[Opening Records for the exercise section]

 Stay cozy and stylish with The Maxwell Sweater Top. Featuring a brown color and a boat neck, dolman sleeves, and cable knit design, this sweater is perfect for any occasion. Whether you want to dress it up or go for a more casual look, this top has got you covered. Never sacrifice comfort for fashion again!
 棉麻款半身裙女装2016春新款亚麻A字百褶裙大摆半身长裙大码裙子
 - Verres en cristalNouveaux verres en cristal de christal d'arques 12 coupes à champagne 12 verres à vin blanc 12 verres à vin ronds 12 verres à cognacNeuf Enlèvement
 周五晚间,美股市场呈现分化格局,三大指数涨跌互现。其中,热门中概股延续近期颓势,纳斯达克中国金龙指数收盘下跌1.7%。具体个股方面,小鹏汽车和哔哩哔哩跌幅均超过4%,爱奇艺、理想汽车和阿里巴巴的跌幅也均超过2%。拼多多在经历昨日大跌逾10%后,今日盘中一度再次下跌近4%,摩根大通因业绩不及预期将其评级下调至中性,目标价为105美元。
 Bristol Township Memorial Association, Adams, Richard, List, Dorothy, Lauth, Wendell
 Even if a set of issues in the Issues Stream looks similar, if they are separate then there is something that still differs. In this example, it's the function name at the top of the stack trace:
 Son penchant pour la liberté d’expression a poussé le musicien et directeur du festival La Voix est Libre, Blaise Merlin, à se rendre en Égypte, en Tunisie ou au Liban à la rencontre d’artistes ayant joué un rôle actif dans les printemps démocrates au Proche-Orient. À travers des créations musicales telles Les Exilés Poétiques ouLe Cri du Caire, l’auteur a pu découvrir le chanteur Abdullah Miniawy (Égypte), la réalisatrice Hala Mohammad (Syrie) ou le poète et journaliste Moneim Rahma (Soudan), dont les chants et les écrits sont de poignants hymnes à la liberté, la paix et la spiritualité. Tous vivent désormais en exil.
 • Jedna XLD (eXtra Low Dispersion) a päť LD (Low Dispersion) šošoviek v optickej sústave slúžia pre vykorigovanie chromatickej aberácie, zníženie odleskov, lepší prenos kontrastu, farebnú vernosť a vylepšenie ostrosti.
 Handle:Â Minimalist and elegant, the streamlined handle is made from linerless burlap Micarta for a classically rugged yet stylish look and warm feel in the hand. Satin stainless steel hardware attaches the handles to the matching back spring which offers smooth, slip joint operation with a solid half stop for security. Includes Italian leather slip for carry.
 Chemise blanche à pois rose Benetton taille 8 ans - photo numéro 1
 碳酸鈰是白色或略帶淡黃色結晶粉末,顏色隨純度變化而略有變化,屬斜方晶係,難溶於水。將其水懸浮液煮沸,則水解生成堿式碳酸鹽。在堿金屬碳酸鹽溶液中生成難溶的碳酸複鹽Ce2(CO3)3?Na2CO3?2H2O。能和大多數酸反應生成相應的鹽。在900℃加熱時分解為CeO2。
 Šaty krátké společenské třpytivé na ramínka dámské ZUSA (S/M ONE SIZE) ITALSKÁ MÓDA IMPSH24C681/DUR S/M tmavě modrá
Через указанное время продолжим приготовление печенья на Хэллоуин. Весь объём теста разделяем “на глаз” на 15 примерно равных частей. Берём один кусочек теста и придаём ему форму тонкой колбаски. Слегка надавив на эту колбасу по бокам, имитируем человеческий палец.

[Closing Records for the exercise section]

Exercise aim:
In full and without changes, copy the entries above.

Task result:
 Stay cozy and stylish with The Maxwell Sweater Top. Featuring a brown color and a boat neck, dolman sleeves, and cable knit design, this sweater is perfect for any occasion. Whether you want to dress it up or go for a more casual look, this top has got you covered. Never sacrifice comfort for fashion again!
 棉麻款半身裙女装2016春新款亚麻A字百褶裙大摆半身长裙大码裙子
 - Verres en cristalNouveaux verres en cristal de christal d'arques 12 coupes à champagne 12 verres à vin blanc 12 verres à vin ronds 12 verres à cognacNeuf Enlèvement
 周五晚间,美股市场呈现分化格局,三大指数涨跌互现。其中,热门中概股延续近期颓势,纳斯达克中国金龙指数收盘下跌1.7%。具体个股方面,小鹏汽车和哔哩哔哩跌幅均超过4%,爱奇艺、理想汽车和阿里巴巴的跌幅也均超过2%。拼多多在经历昨日大跌逾10%后,今日盘中一度再次下跌近4%,摩根大通因业绩不及预期将其评级下调至中性,目标价为105美元。
 Bristol Township Memorial Association, Adams, Richard, List, Dorothy, Lauth, Wendell
 Even if a set of issues in the Issues Stream looks similar, if they are separate then there is something that still differs. In this example, it's the function name at the top of the stack trace:
 Son penchant pour la liberté d’expression a poussé le musicien et directeur du festival La Voix est Libre, Blaise Merlin, à se rendre en Égypte, en Tunisie ou au Liban à la rencontre d’artistes ayant joué un rôle actif dans les printemps démocrates au Proche-Orient. À travers des créations musicales telles Les Exilés Poétiques ouLe Cri du Caire, l’auteur a pu découvrir le chanteur Abdullah Miniawy (Égypte), la réalisatrice Hala Mohammad (Syrie) ou le poète et journaliste Moneim Rahma (Soudan), dont les chants et les écrits sont de poignants hymnes à la liberté, la paix et la spiritualité. Tous vivent désormais en exil.
 • Jedna XLD (eXtra Low Dispersion) a päť LD (Low Dispersion) šošoviek v optickej sústave slúžia pre vykorigovanie chromatickej aberácie, zníženie odleskov, lepší prenos kontrastu, farebnú vernosť a vylepšenie ostrosti.
 Handle:Â Minimalist and elegant, the streamlined handle is made from linerless burlap Micarta for a classically rugged yet stylish look and warm feel in the hand. Satin stainless steel hardware attaches the handles to the matching back spring which offers smooth, slip joint operation with a solid half stop for security. Includes Italian leather slip for carry.
 Chemise blanche à pois rose Benetton taille 8 ans - photo numéro 1
 碳酸鈰是白色或略帶淡黃色結晶粉末,顏色隨純度變化而略有變化,屬斜方晶係,難溶於水。將其水懸浮液煮沸,則水解生成堿式碳酸鹽。在堿金屬碳酸鹽溶液中生成難溶的碳酸複鹽Ce2(CO3)3?Na2CO3?2H2O。能和大多數酸反應生成相應的鹽。在900℃加熱時分解為CeO2。
 Šaty krátké společenské třpytivé na ramínka dámské ZUSA (S/M ONE SIZE) ITALSKÁ MÓDA IMPSH24C681/DUR S/M tmavě modrá
Через указанное время продолжим приготовление печенья на Хэллоуин. Весь объём теста разделяем “на глаз” на 15 примерно равных частей. Берём один кусочек теста и придаём ему форму тонкой колбаски. Слегка надавив на эту колбасу по бокам, имитируем человеческий палец.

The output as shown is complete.